Problem statement: In the material below, identify each line bearing the word "three". Reproduce those lines.

Records for the exercise:
[Start of Attachment]

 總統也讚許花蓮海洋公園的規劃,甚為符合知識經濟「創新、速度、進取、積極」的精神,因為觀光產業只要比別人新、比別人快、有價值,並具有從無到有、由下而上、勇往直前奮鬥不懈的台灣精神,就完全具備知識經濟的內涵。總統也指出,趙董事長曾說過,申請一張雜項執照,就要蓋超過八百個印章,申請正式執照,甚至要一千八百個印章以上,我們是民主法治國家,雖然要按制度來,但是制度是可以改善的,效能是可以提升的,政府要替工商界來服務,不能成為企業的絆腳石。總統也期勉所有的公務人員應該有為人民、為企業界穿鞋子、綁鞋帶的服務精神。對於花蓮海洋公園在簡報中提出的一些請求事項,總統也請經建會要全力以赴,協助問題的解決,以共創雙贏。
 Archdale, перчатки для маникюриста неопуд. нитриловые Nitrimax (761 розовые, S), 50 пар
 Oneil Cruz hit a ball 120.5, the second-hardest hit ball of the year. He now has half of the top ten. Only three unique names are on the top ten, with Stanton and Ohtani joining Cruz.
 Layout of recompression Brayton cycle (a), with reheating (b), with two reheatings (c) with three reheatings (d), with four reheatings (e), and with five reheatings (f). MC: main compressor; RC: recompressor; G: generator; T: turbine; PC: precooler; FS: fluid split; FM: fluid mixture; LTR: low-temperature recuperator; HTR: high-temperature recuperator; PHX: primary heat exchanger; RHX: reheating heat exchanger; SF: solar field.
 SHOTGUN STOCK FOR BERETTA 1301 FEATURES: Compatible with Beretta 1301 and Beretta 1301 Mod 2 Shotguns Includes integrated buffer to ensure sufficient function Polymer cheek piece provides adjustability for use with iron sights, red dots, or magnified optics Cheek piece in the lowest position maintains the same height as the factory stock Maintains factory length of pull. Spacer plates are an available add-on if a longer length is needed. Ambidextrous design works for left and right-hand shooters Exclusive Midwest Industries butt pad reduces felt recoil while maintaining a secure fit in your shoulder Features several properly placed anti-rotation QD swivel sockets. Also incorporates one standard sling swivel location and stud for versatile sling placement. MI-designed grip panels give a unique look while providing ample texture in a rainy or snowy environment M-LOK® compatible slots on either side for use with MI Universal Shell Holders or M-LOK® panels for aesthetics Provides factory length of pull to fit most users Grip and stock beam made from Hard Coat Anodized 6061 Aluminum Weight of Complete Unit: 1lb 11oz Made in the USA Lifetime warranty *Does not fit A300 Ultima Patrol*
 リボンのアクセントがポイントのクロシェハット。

[End of Attachment]
[Start of Attachment]

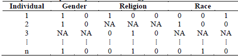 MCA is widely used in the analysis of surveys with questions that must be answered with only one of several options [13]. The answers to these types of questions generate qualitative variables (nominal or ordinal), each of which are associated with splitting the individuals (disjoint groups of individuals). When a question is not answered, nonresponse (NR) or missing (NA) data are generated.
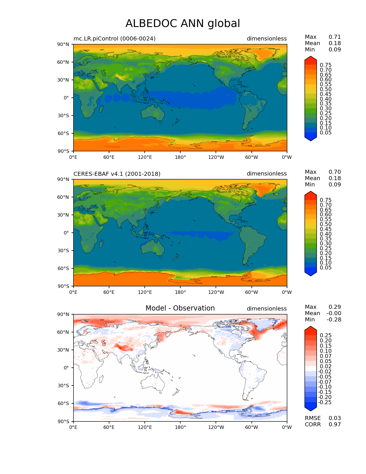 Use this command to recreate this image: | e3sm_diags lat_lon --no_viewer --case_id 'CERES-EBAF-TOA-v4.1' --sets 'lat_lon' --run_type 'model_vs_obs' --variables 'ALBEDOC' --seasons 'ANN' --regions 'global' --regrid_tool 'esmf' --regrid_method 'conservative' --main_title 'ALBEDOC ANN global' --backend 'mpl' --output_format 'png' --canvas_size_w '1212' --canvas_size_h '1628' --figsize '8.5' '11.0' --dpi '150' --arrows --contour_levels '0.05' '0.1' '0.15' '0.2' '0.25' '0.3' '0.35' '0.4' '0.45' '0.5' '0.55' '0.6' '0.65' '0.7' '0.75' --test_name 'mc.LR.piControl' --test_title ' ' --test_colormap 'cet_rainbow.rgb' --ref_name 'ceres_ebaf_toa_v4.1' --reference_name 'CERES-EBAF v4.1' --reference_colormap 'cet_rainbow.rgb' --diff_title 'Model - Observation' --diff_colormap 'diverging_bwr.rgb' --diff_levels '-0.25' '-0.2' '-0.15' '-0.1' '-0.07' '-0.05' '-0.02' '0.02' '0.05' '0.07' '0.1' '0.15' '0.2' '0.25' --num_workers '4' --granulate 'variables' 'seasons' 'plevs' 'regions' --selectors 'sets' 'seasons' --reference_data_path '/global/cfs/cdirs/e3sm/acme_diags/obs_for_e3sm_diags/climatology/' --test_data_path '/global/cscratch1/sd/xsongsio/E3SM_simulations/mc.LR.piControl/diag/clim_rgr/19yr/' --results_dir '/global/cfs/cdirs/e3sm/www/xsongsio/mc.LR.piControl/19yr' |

[End of Attachment]
[Start of Attachment]

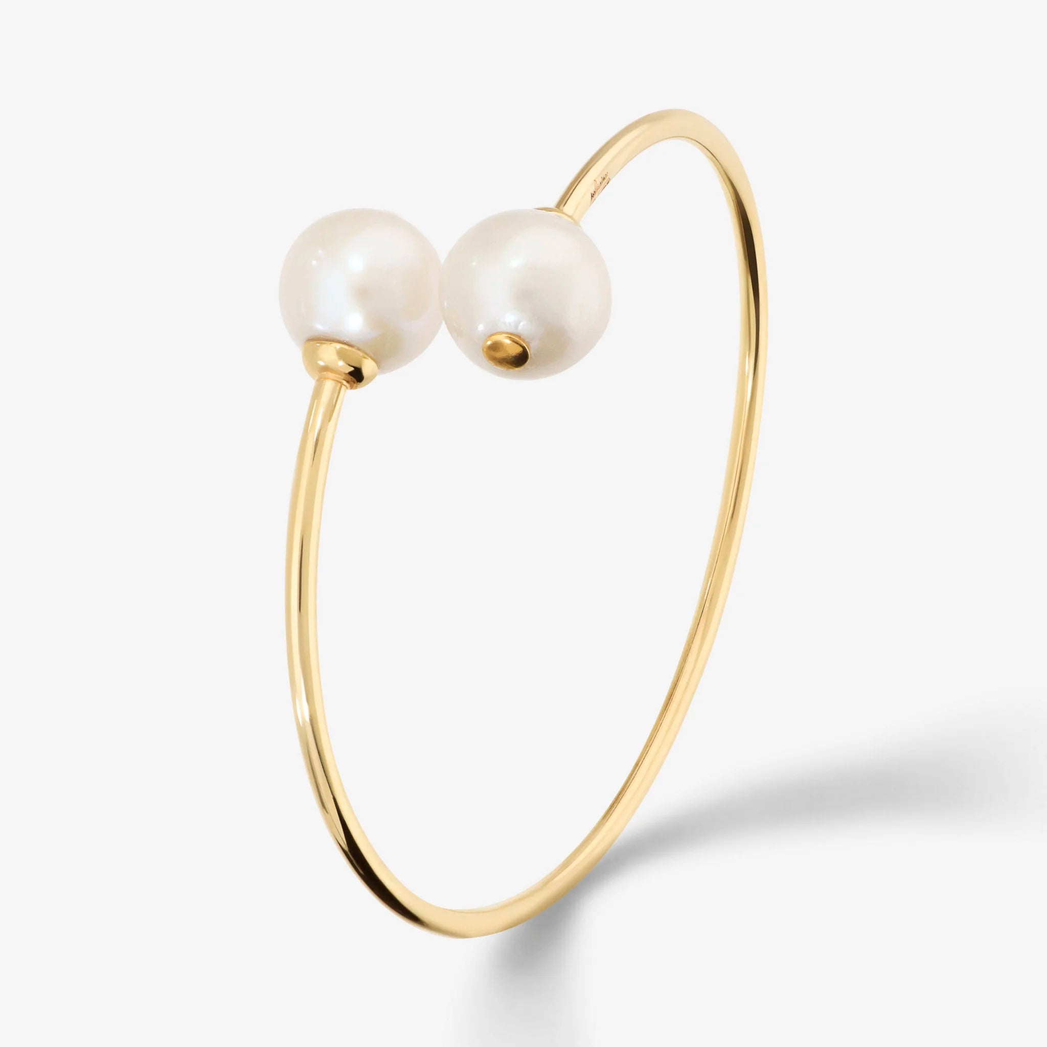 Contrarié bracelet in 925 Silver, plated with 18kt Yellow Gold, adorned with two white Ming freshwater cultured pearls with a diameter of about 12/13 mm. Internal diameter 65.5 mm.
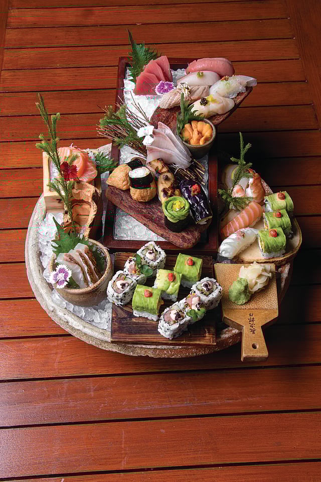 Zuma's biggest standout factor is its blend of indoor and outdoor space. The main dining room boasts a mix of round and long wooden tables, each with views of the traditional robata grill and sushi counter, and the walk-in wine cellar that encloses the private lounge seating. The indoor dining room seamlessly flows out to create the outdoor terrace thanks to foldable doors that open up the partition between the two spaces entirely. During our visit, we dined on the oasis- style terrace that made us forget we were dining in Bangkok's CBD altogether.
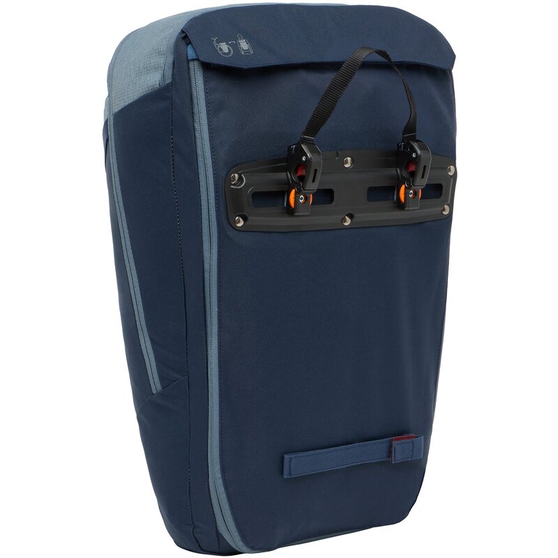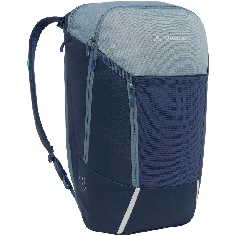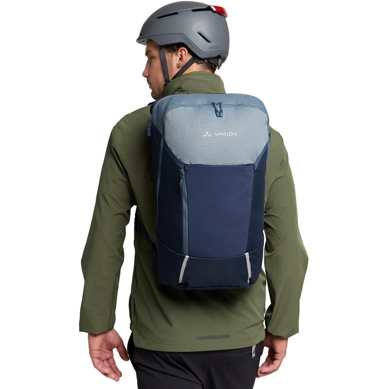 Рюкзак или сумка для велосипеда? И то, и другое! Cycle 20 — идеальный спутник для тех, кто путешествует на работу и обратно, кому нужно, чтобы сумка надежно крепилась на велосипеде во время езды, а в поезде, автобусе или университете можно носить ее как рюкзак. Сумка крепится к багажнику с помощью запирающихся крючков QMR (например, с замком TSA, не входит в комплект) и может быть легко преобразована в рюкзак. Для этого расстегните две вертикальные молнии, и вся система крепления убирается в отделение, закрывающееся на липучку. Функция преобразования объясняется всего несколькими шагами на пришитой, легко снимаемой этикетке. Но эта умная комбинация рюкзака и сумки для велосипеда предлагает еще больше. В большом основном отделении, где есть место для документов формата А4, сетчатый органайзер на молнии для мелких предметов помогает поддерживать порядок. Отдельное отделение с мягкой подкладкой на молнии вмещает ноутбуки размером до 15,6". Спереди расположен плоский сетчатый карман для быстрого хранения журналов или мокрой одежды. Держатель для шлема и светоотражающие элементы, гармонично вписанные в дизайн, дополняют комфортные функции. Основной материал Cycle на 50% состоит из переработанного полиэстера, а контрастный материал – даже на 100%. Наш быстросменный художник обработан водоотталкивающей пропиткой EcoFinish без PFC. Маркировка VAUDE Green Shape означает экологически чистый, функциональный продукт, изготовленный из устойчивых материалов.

[End of Attachment]

Task response:
 Oneil Cruz hit a ball 120.5, the second-hardest hit ball of the year. He now has half of the top ten. Only three unique names are on the top ten, with Stanton and Ohtani joining Cruz.
 Layout of recompression Brayton cycle (a), with reheating (b), with two reheatings (c) with three reheatings (d), with four reheatings (e), and with five reheatings (f). MC: main compressor; RC: recompressor; G: generator; T: turbine; PC: precooler; FS: fluid split; FM: fluid mixture; LTR: low-temperature recuperator; HTR: high-temperature recuperator; PHX: primary heat exchanger; RHX: reheating heat exchanger; SF: solar field.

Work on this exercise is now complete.